Tito knew him; but he did not know whether it was life or death that had brought him into the presence of his injured father. It might be death—and death might mean this chill gloom with the face of the hideous past hanging over him for ever.

But now Baldassarre’s only dread was, lest the young limbs should escape him. He pressed his knuckles against the round throat, and knelt upon the chest with all the force of his aged frame. Let death come now!

Again he kept his watch on the face. And when the eyes were rigid again, he dared not trust them. He would never lose his hold till some one came and found them. Justice would send some witness, and then he, Baldassarre, would declare that he had killed this traitor, to whom he had once been a father. They would perhaps believe him now, and then he would be content with the struggle of justice on earth—then he would desire to die with his hold on this body, and follow the traitor to hell that he might clutch him there.

And so he knelt, and so he pressed his knuckles against the round throat, without trusting to the seeming death, till the light got strong and he could kneel no longer. Then he sat on the body, still clutching the neck of the tunic. But the hours went on, and no witness came. No eyes descried afar off the two human bodies among the tall grass by the riverside. Florence was busy with greater affairs, and the preparation of a deeper tragedy.

Not long after those two bodies were lying in the grass, Savonarola was being tortured, and crying out in his agony, “I will confess!”

It was not until the sun was westward that a waggon drawn by a mild grey ox came to the edge of the grassy margin, and as the man who led it was leaning to gather up the round stones that lay heaped in readiness to be carried away, he detected some startling object in the grass. The aged man had fallen forward, and his dead clutch was on the garment of the other. It was not possible to separate them: nay, it was better to put them into the waggon and carry them as they were into the great Piazza, that notice might be given to the Eight.
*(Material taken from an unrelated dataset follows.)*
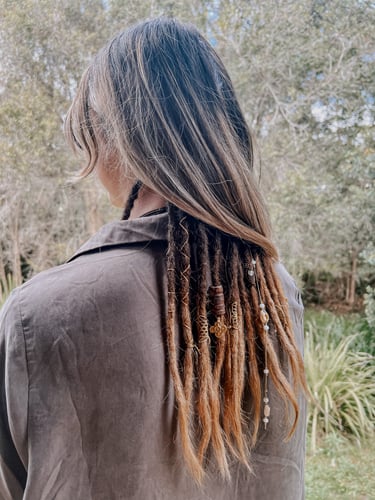 Human hair extensions mature like your natural dreadlock (can shrink), can be coloured with hair dye, requires more maintenance (compared to synthetic) and is more expensive than synthetic hair.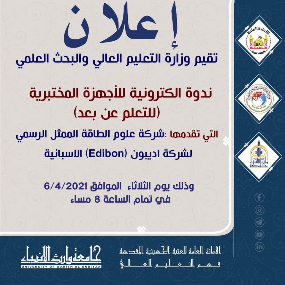 جانب من القاعات الامتحانية لقسم التكييف والتبريد في جامعه وارث الأنبياء ليوم الثلاثاء المصادف ٦ / ٤ / ٢٠٢١ والذي يعكس صوره مثاليه لتطبيق التباعد الاجتماعي والالتزام بارتداء الكمامات تنفيذا لقرارات خلية الأزمة لمنع تفشي فيروس كورونا.

As the waggon entered the frequented streets there was a growing crowd escorting it with its strange burden. No one knew the bodies for a long while, for the aged face had fallen forward, half hiding the younger. But before they had been moved out of sight, they had been recognised.

“I know that old man,” Piero di Cosimo had testified. “I painted his likeness once. He is the prisoner who clutched Melema on the steps of the Duomo.”

“He is perhaps the same old man who appeared at supper in my gardens,” said Bernardo Rucellai, one of the Eight. “I had forgotten him. I thought he had died in prison. But there is no knowing the truth now.”

Who shall put his finger on the work of justice, and say, “It is there”? Justice is like the Kingdom of God—it is not without us as a fact, it is within us as a great yearning.